::: GIVEN DATA
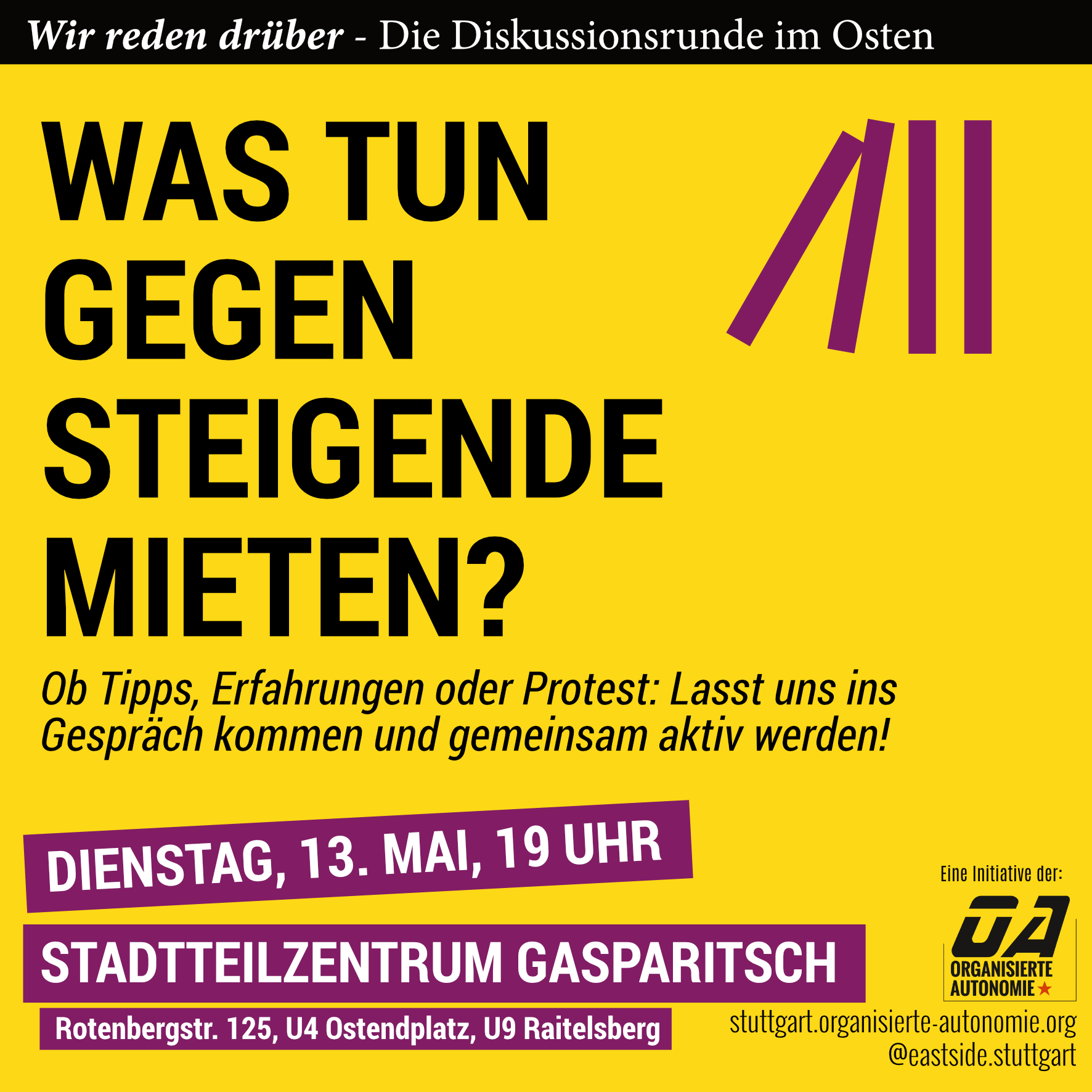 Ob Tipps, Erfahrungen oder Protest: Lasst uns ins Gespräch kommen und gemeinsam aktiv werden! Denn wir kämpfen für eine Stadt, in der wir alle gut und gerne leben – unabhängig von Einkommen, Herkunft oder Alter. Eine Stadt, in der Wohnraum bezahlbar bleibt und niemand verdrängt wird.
::::::
::: GIVEN DATA
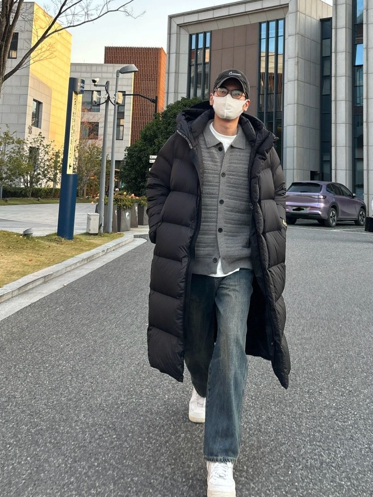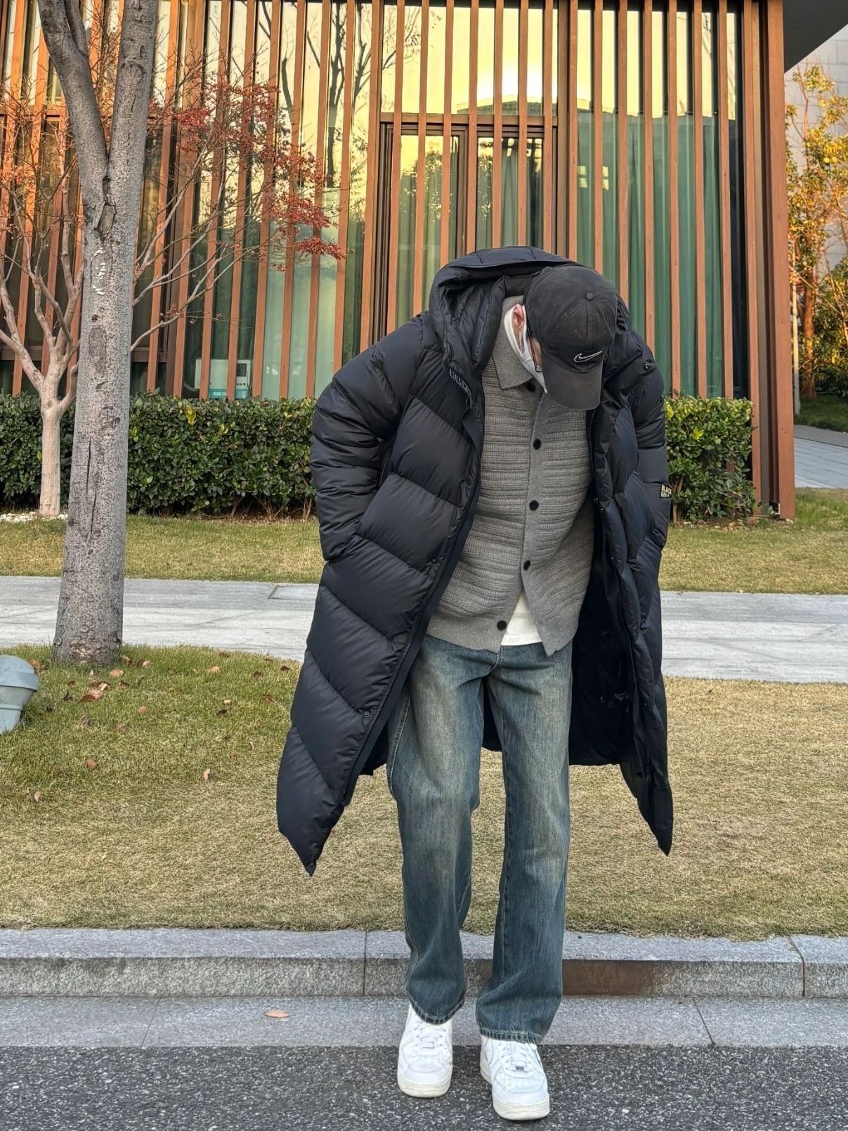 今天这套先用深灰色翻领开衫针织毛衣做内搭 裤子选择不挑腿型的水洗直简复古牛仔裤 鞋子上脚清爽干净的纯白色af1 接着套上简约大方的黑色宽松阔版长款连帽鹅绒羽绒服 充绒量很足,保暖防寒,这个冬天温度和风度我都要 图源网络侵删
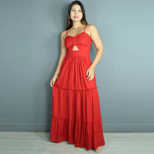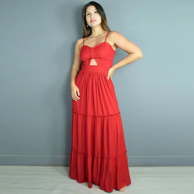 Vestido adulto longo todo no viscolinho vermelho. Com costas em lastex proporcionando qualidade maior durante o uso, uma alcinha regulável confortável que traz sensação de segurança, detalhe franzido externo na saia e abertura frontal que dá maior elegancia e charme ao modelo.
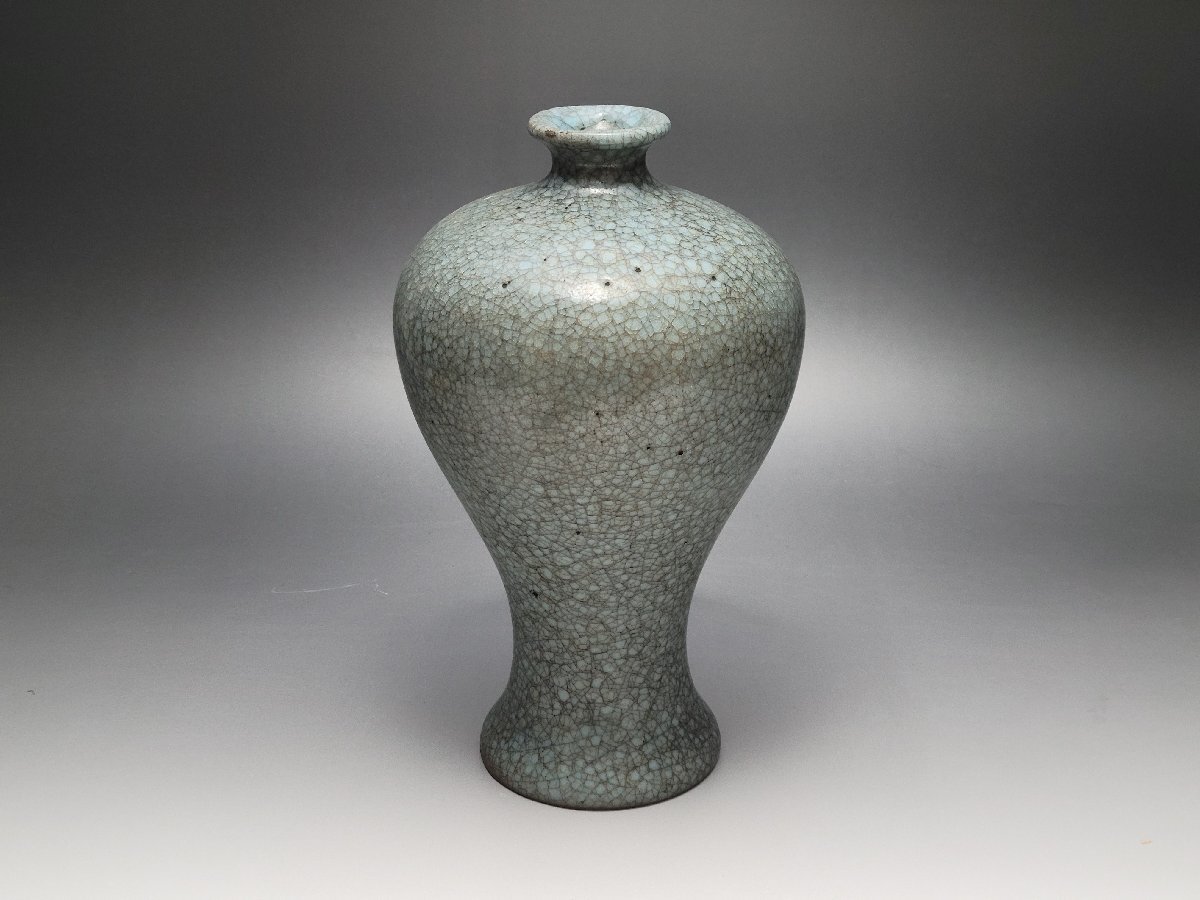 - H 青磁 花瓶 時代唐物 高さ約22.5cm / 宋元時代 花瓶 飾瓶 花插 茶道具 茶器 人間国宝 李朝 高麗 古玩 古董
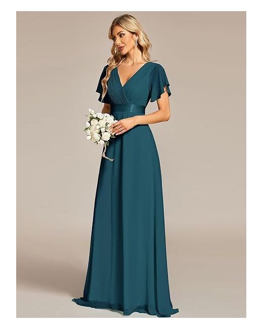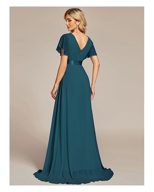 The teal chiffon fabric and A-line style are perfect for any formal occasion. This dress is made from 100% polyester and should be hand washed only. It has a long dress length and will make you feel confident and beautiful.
::::::
■ PROBLEM REQUIREMENTS
Write out, word for word, the stretch of entries that begins at the line with "- H 青磁 花瓶 時代唐物" and ends at the line with "The teal chiffon". Pictures do not belong in it.

■ OUTPUT FOR THIS TASK
 - H 青磁 花瓶 時代唐物 高さ約22.5cm / 宋元時代 花瓶 飾瓶 花插 茶道具 茶器 人間国宝 李朝 高麗 古玩 古董
 The teal chiffon fabric and A-line style are perfect for any formal occasion. This dress is made from 100% polyester and should be hand washed only. It has a long dress length and will make you feel confident and beautiful.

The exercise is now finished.